Task objective
When you reach the line holding "观众在观看《第五届中国民族影像志摄影双年展》的鄂温克族作品。" in the material below, return that line and each one after it, word for word, with the pictures dropped.

Source material
===============
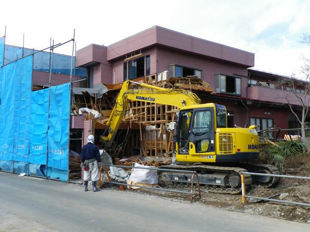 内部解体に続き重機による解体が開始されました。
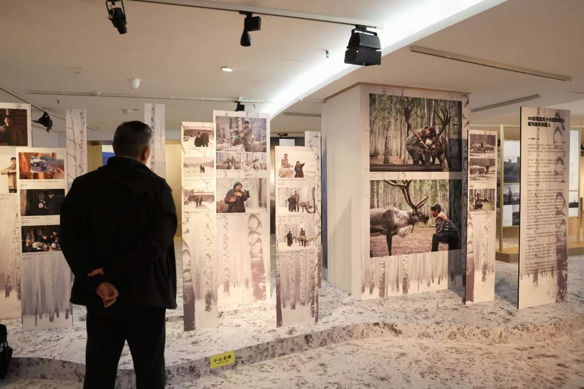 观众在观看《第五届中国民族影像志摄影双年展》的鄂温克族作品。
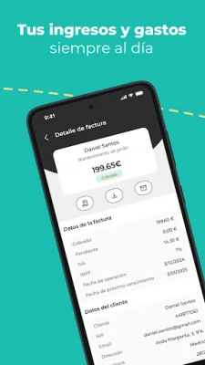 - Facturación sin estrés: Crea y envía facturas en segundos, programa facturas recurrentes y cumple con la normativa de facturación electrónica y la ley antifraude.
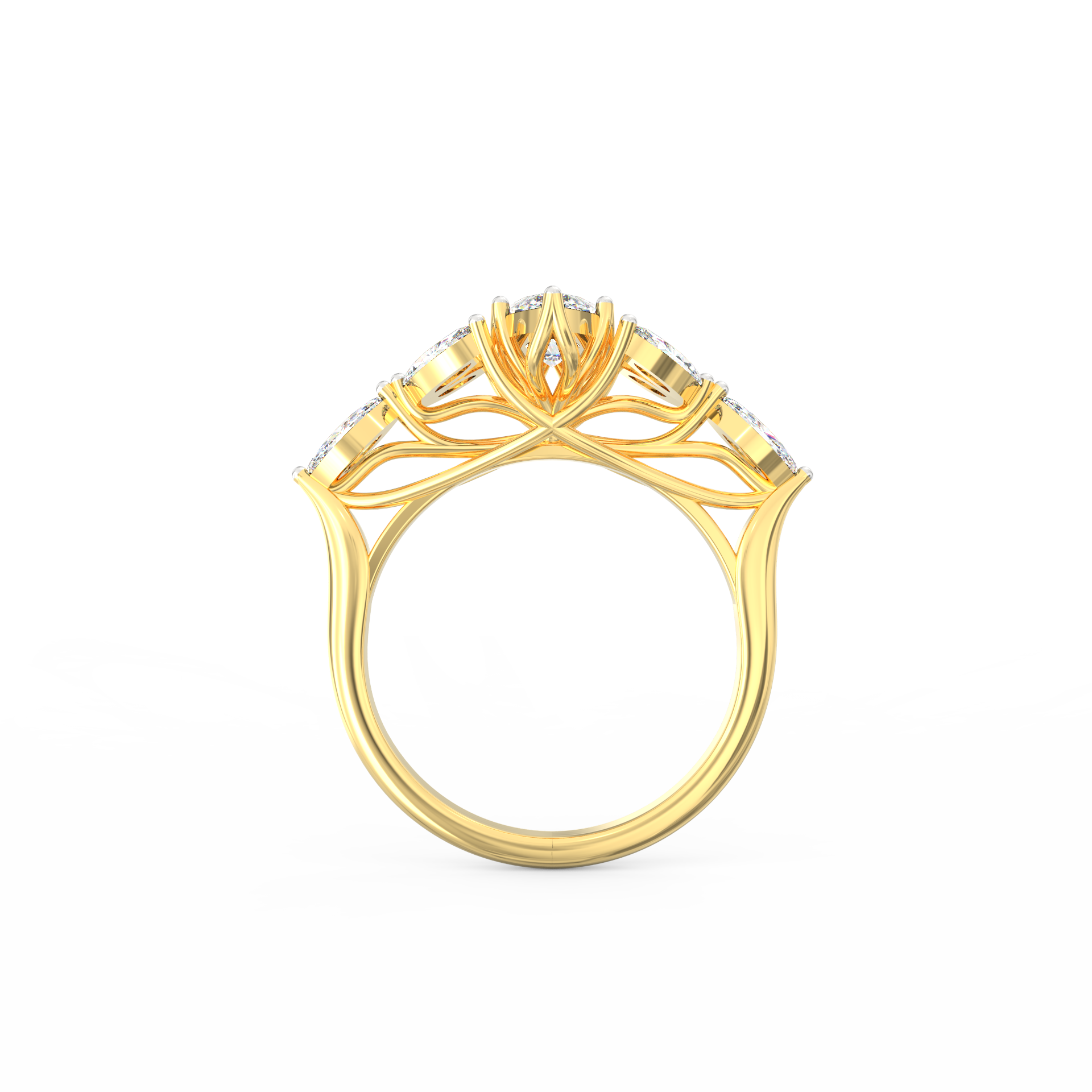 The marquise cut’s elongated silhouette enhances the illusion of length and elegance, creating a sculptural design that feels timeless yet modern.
===============
Result for this task
 观众在观看《第五届中国民族影像志摄影双年展》的鄂温克族作品。
 - Facturación sin estrés: Crea y envía facturas en segundos, programa facturas recurrentes y cumple con la normativa de facturación electrónica y la ley antifraude.
 The marquise cut’s elongated silhouette enhances the illusion of length and elegance, creating a sculptural design that feels timeless yet modern.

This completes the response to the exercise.